Hugo García Manríquez (b. 1978) is a graduate student at UC Berkeley. His work as a translator includes William Carlos Williams’ Paterson, published in Mexico in 2009, and, in 2014, Mecha de Enebros, his translation of Juniper Fuse: Upper Paleolithic Imagination & the Construction of the Underworld by Clayton Eshleman, among others. He has published several books of poetry in Spanish and English. His most recent work is the bilingual book Anti-Humboldt: A Reading of the North American Free Trade Agreement (Litmus Press/Aldus Editorial, 2015)

Kathryn Haemmerle has been published in 2River View, an online poetry journal. She grew up in the Chicagoland area and the Florida Panhandle and previously lived in Indiana. Currently, she lives and works in Boston.

Blair Hurley is a graduate of Princeton University, with a B.A. in English and Creative Writing. She recently earned her M.F.A. from NYU’s Program in Fiction. Her short stories have been published or are forthcoming in Washington Square, Hayden’s Ferry Review, Descant, Green Hills Literary Lantern, The Red Rock Review, The Best Young Writers and Artists in America, and elsewhere.
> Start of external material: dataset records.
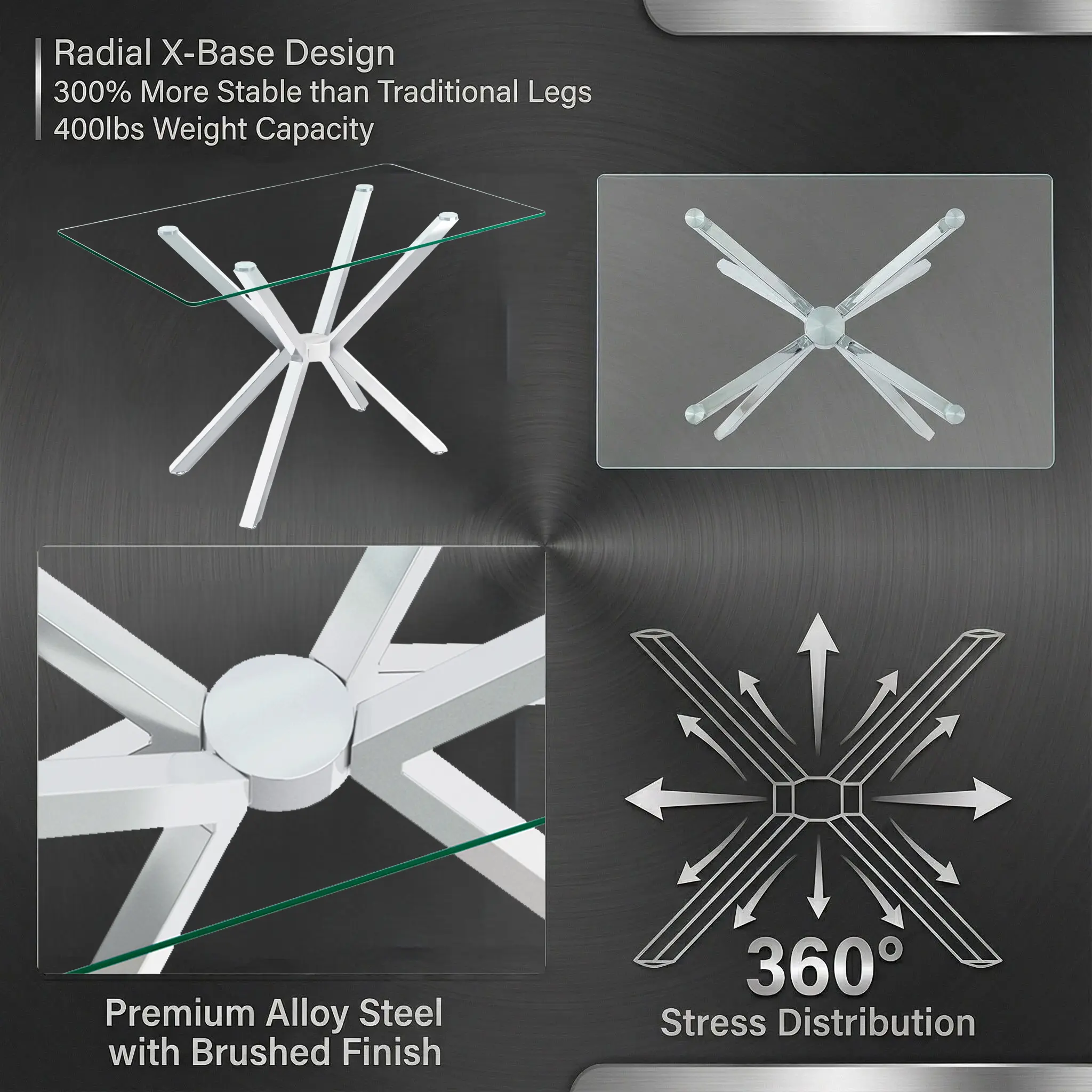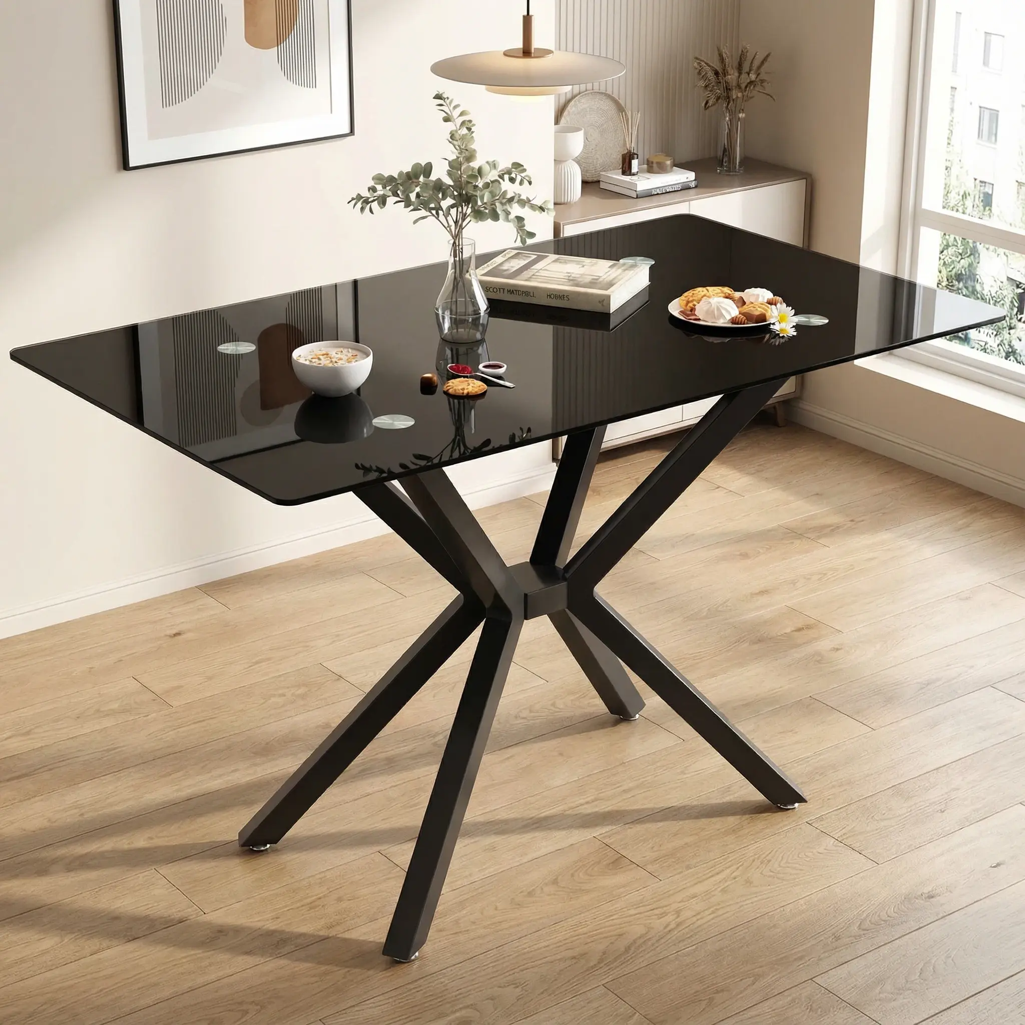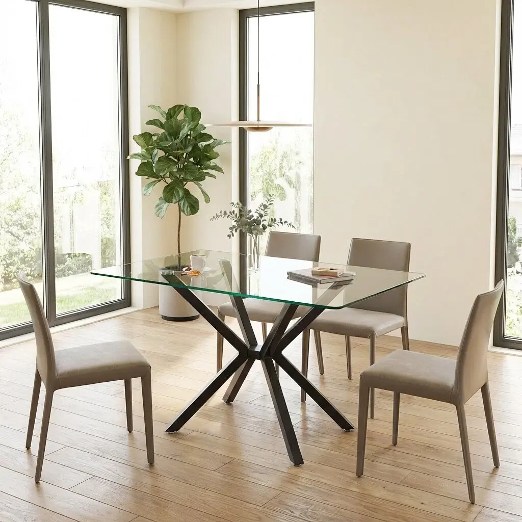 ·Design: Sleek and contemporary, combining tempered glass and unique legs for a striking visual contrast. It serves as a focal point in the dining room, showcasing style and taste.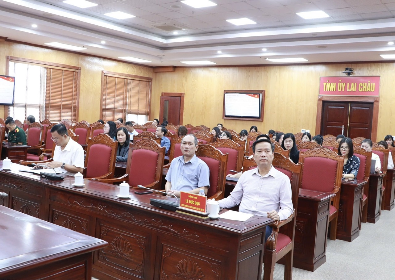 Dự Hội nghị tại điểm cầu tỉnh Lai Châu có đồng chí Lê Đức Dục - Ủy viên Ban Thường vụ Tỉnh ủy, Trưởng Ban Tuyên giáo và Dân vận Tỉnh ủy; các đồng chí Báo cáo viên Trung ương của tỉnh, Báo cáo viên cấp tỉnh; đại diện lãnh đạo Ủy ban Mặt trận Tổ quốc Việt Nam tỉnh; đại diện lãnh đạo và cán bộ chuyên môn: Ban Tuyên giáo và Dân vận Đảng ủy các cơ quan Đảng tỉnh, Đảng ủy UBND tỉnh; Phòng Chính trị Công an tỉnh; Phòng Chính trị Bộ Chỉ huy Quân sự tỉnh; Ban Tuyên giáo, công tác xã hội Ủy ban Mặt trận Tổ quốc Việt Nam tỉnh; các khoa Trường Chính trị tỉnh; đại diện lãnh đạo các phòng chuyên môn Sở Giáo dục và Đào tạo; lãnh đạo và chuyên viên Ban Tuyên giáo và Dân vận Tỉnh ủy.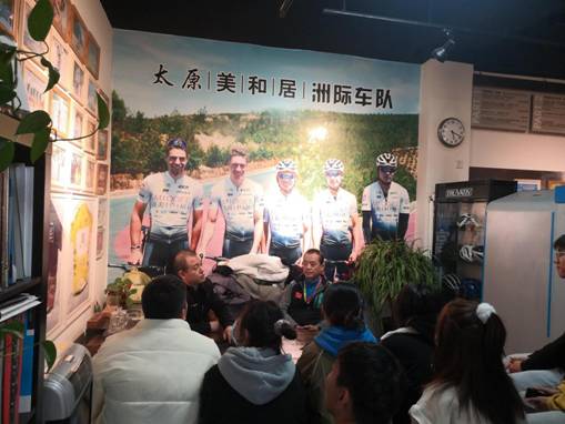 示范教学结束后,宋经理与同学们进行座谈交流,一起讲述了山西自行车运动以及太原美和居洲际车队在国际比赛中的经历以及取得的优异成绩。同学们不禁赞叹:“咱们山西的自行车运动底蕴如此深厚啊!”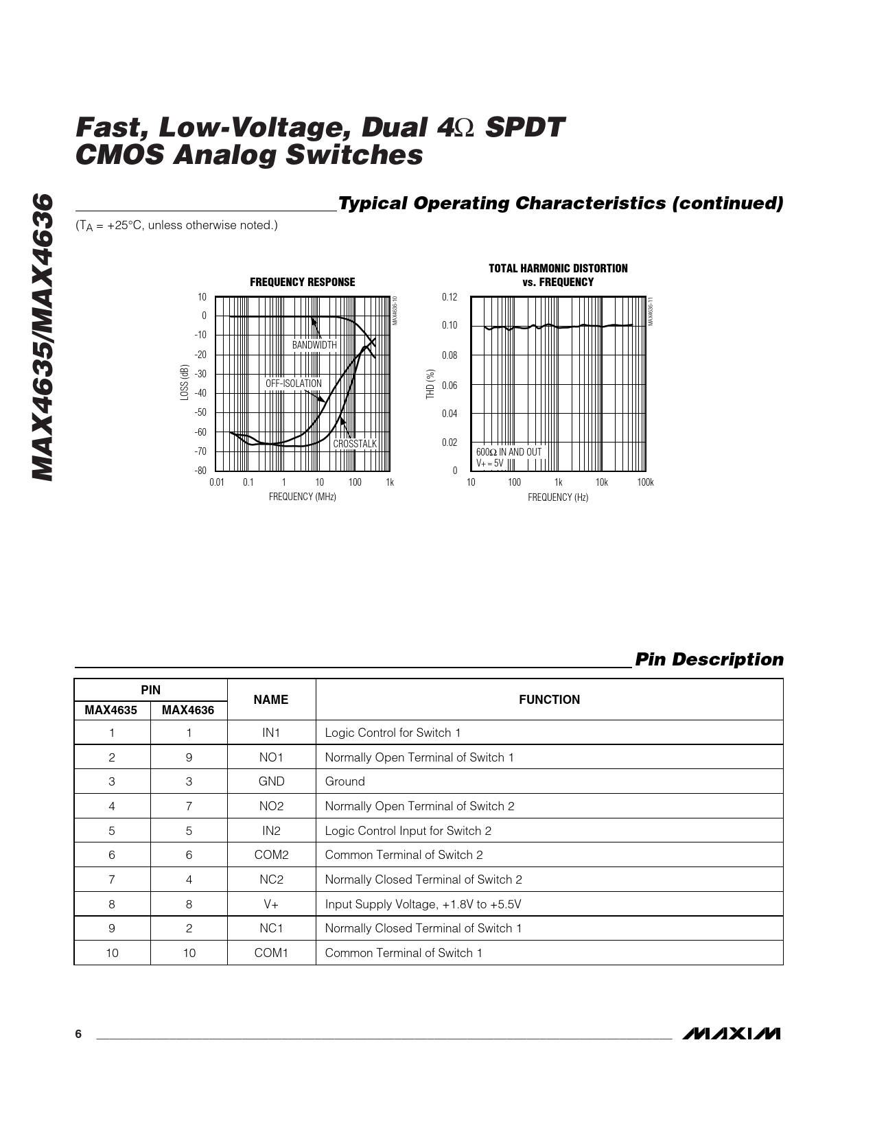 Pin Description PIN NAME FUNCTION MAX4635 MAX4636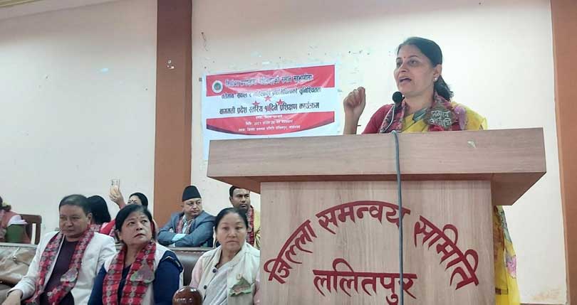 सोमबार ललितपुरमा आयोजित कार्यक्रममा उपाध्यायले राज्यको हरेक तहमा ५० प्रतिशत महिला सुनिश्चित गर्न समानुपातिक निर्वाचन प्रणालीबाट मात्रै सम्भव नहुने बताइन् ।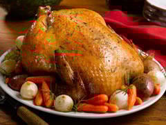 Sortez le chapon du four, recouvrez-le de papier aluminium pendant 10 minutes.

She is the recipient of fellowships from the Vermont Studio Center and the Writer’s Room of Boston.

Julia Rose Lewis is working towards her MFA at Kingston University London. She is a member of the Moors Poetry Collective of Nantucket. Her poems have appeared in their anthologies, “Lemmon Hummus” and “Tips on Throwing a Housewarming Party in a Small Space”.

 Ashley P. Taylor is a journalist, essayist, and critic based in Brooklyn, New York. Her book reviews and essays have previously appeared in The Brooklyn Rail. Taylor further explores the themes of blindness and uncertainty introduced here in “Public Art” in two other unpublished essays.

George Woodward graduated with a BA in fine art and middle eastern/ South Asia students from UC Davis in 2013. His work is defined by contradicting ideas, whether those be of sociopolitical or minimalist subjects, in sculpture and in painting. The perplexing influence of internal emotions and anxieties is the common thread among his creations and this drives him to continually experiment and take risks. Woodward’s art has never had one focus, but it is connected by these feelings. He is a transient, currently residing in Houston, TX.